(Data excerpts)

= Beginning of Section =

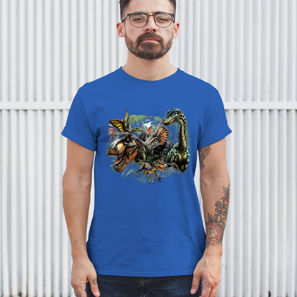 Get prehistoric with this electrifying design featuring a full dino squad in vibrant jungle detail. Includes t rex, triceratops, raptor, brachiosaurus, and pteranodon, all surrounded by tropical foliage. A perfect pick for dinosaur fans, fossil hunters, Jurassic birthday parties, or anyone who loves bold, wild, nature-themed art.
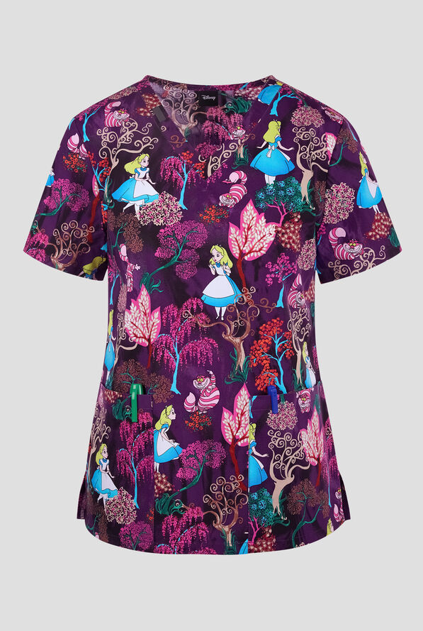 Verrückt nach Stil und Komfort? Der Tooniforms Here and Everywhere Damen-Kasack bringt mit Alice im Wunderland und der Grinsekatze ein Stück Magie in deinen Arbeitsalltag. Das bunte Design sorgt für gute Laune, während das atmungsaktive Baumwoll-Stretch-Material dir den ganzen Tag über Bewegungsfreiheit und ein angenehm weiches Tragegefühl bietet.
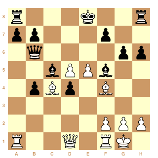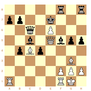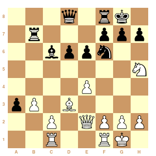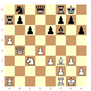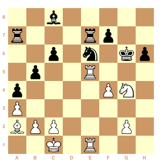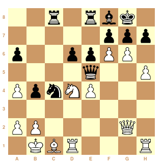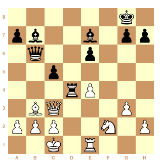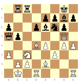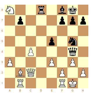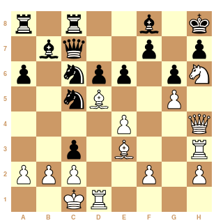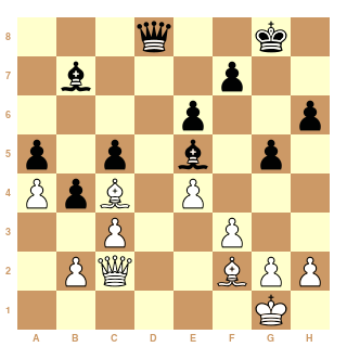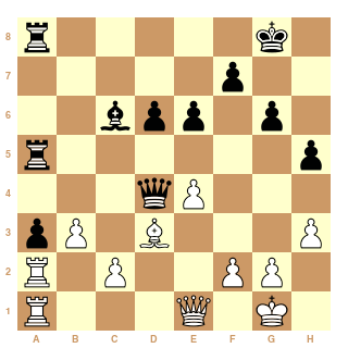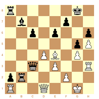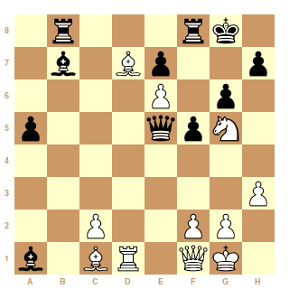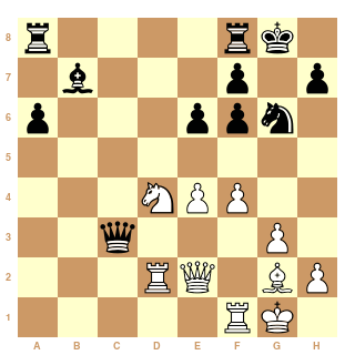 Au 21ème coup, Cg4?? les Blancs ont dérapé et peuvent s'estimer heureux de s'en tirer avec la nulle.
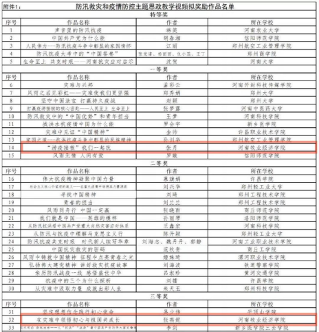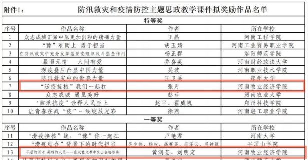 近日,河南省教育厅官网发布《关于防汛救灾和疫情防控主题思政教学课件、教学视频评审结果的公示》,威尼斯官网马克思主义学院教师分别取得教学课件特等奖1名、一等奖2名,教学视频一等奖1名、三等奖1名的好成绩。
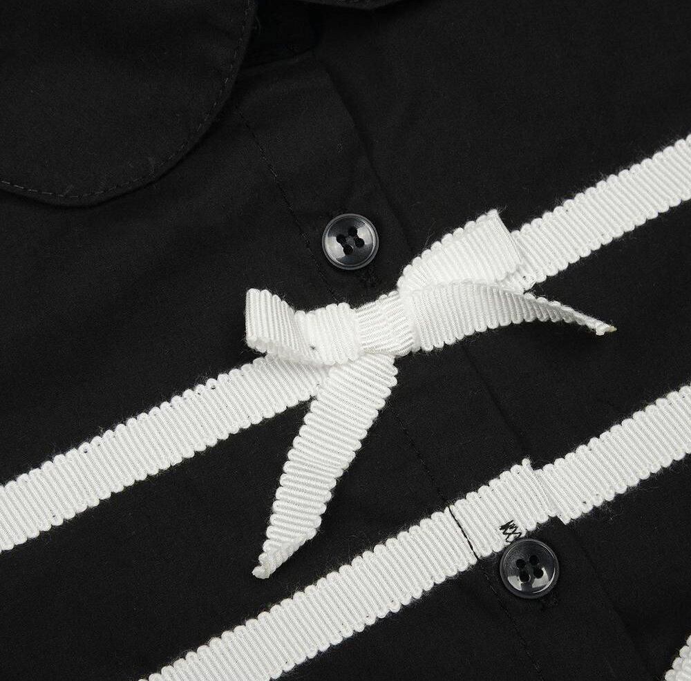 キッチュなリブテープとリボンディテールがポイントのブラウス。
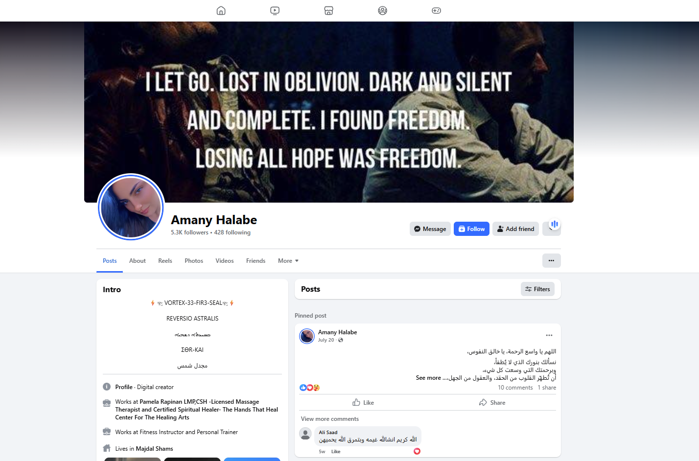 وكتبت في قسم التعريف أن مهنتها "مدربة لياقة بدنية ومدربة شخصية"، وهي من مجدل شمس في الجولان المحتل. وتعمل بعيادة للطب البديل.

= End of Section =

_Exercise details_
Set down all the lines above exactly as they appear, with no pictures.

_Reply_
 Get prehistoric with this electrifying design featuring a full dino squad in vibrant jungle detail. Includes t rex, triceratops, raptor, brachiosaurus, and pteranodon, all surrounded by tropical foliage. A perfect pick for dinosaur fans, fossil hunters, Jurassic birthday parties, or anyone who loves bold, wild, nature-themed art.
 Verrückt nach Stil und Komfort? Der Tooniforms Here and Everywhere Damen-Kasack bringt mit Alice im Wunderland und der Grinsekatze ein Stück Magie in deinen Arbeitsalltag. Das bunte Design sorgt für gute Laune, während das atmungsaktive Baumwoll-Stretch-Material dir den ganzen Tag über Bewegungsfreiheit und ein angenehm weiches Tragegefühl bietet.
 Au 21ème coup, Cg4?? les Blancs ont dérapé et peuvent s'estimer heureux de s'en tirer avec la nulle.
 近日,河南省教育厅官网发布《关于防汛救灾和疫情防控主题思政教学课件、教学视频评审结果的公示》,威尼斯官网马克思主义学院教师分别取得教学课件特等奖1名、一等奖2名,教学视频一等奖1名、三等奖1名的好成绩。
 キッチュなリブテープとリボンディテールがポイントのブラウス。
 وكتبت في قسم التعريف أن مهنتها "مدربة لياقة بدنية ومدربة شخصية"، وهي من مجدل شمس في الجولان المحتل. وتعمل بعيادة للطب البديل.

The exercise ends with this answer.